How we cite our quotes: (Paragraph)
Quote #4
All is not lost, though, for the narrator supposes that those memories from beyond, even if they can't be recalled at first, will come back eventually, and often without warning; and we are amazed when they do come. He then goes on to link these revelations with the creation of art and the work of the imagination. It seems, ultimately, that the narrator's harrowing experience has led him to understand how art and original ideas come to be.
So far I had not opened my eyes. I felt that I lay upon my back unbound. I reached out my hand, and it fell heavily upon something damp and hard. There I suffered it to remain for many minutes, while I strove to imagine where and what I could be. I longed, yet dared not, to employ my vision. I dreaded the first glance at objects around me. It was not that I feared to look upon things horrible, but that I grew aghast lest there should be nothing to see. At length, with a wild desperation at heart, I quickly unclosed my eyes. My worst thoughts, then, were confirmed. The blackness of eternal night encompassed me. (6)

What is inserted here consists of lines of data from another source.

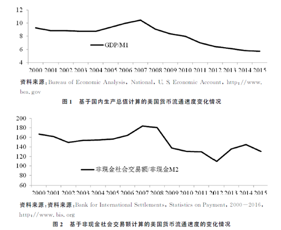 按照美国联邦储备系统的定义,美国的货币供给量主要包括M1和M2。M1包括财政部、联邦储备系统和存款性机构现金库之外的通货,非银行机构签发的旅行支票,商业银行的需求存款,其他支票类存款。M2包括M1、储蓄存款、10万美元以下的小额定期存款,零售货币市场基金的余额。考虑到社会交易额的数据是非现金交易额,笔者采用的货币供给量是扣除了现金的M2数据。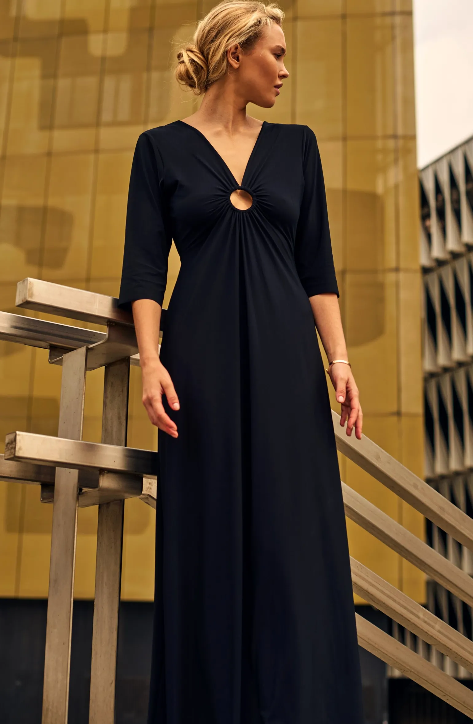 Robe longue manche trois quart avec anneau doré milieu devant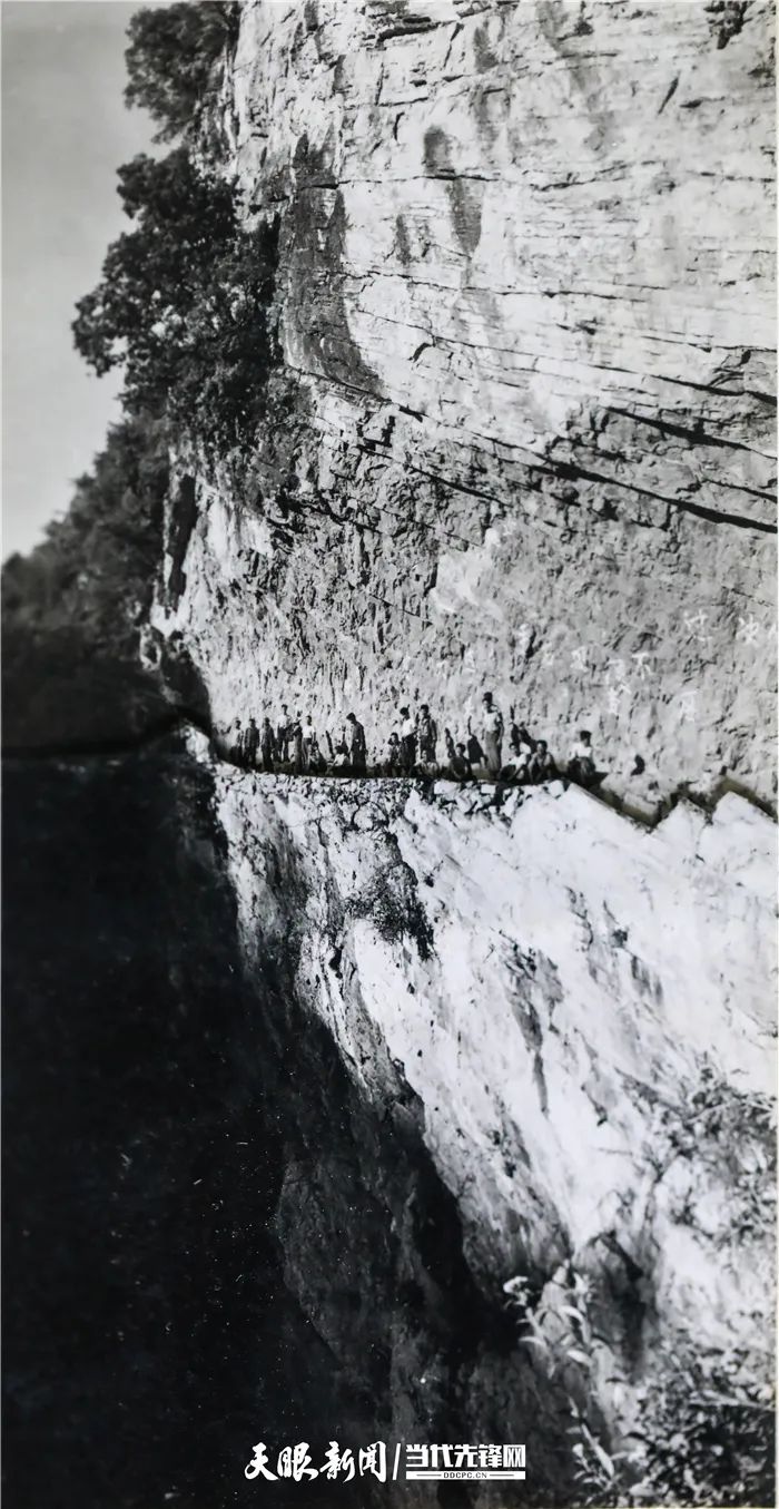 生机镇人民群众修建沟渠时的场景(资料图片)许天珍当年在老虎崖打下的木桩依然在峭壁矗立,静静地见证着那段一不怕死、二不怕苦的艰辛岁月。
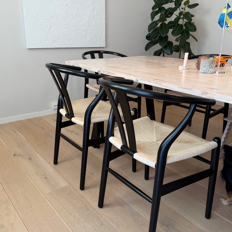 Har en del slitage på kokosrepen och dynorna. Annars en mycket rejäl och stabil stol.

For the narrator, the idea of being conscious of nothing is more frightening than encountering the most visible of horrors.
Quote #5
There was another interval of utter insensibility; it was brief, for upon again lapsing into life there had been no perceptible descent in the pendulum. But it might have been long – for I knew there were demons who took note of my swoon, and who could have arrested the vibration at pleasure. Upon my recovery, too, I felt very – oh! Inexpressibly – sick and weak, as if through long inanition. (24)
Losing consciousness is bad enough; it's worse when your tormentors are aware of your every lapse into insensibility – and are willing to take advantage of them.
Quote #6
As I put a portion of it within my lips there rushed to my mind a half-formed thought of joy – of hope. Yet what business had I with hope? It was, as I say, a half-formed thought – man has many such, which are never completed. I felt that it was of joy – of hope; but I felt also that it had perished in its formation. In vain I struggled to perfect – to regain it. Long suffering had nearly annihilated all my ordinary powers of mind. I was an imbecile – an idiot. (24)
By the end of his ordeal, our narrator can barely think. His mind works only in half-measures. He becomes an "idiot" in the way the term used to be used – a man mentally handicapped by fear.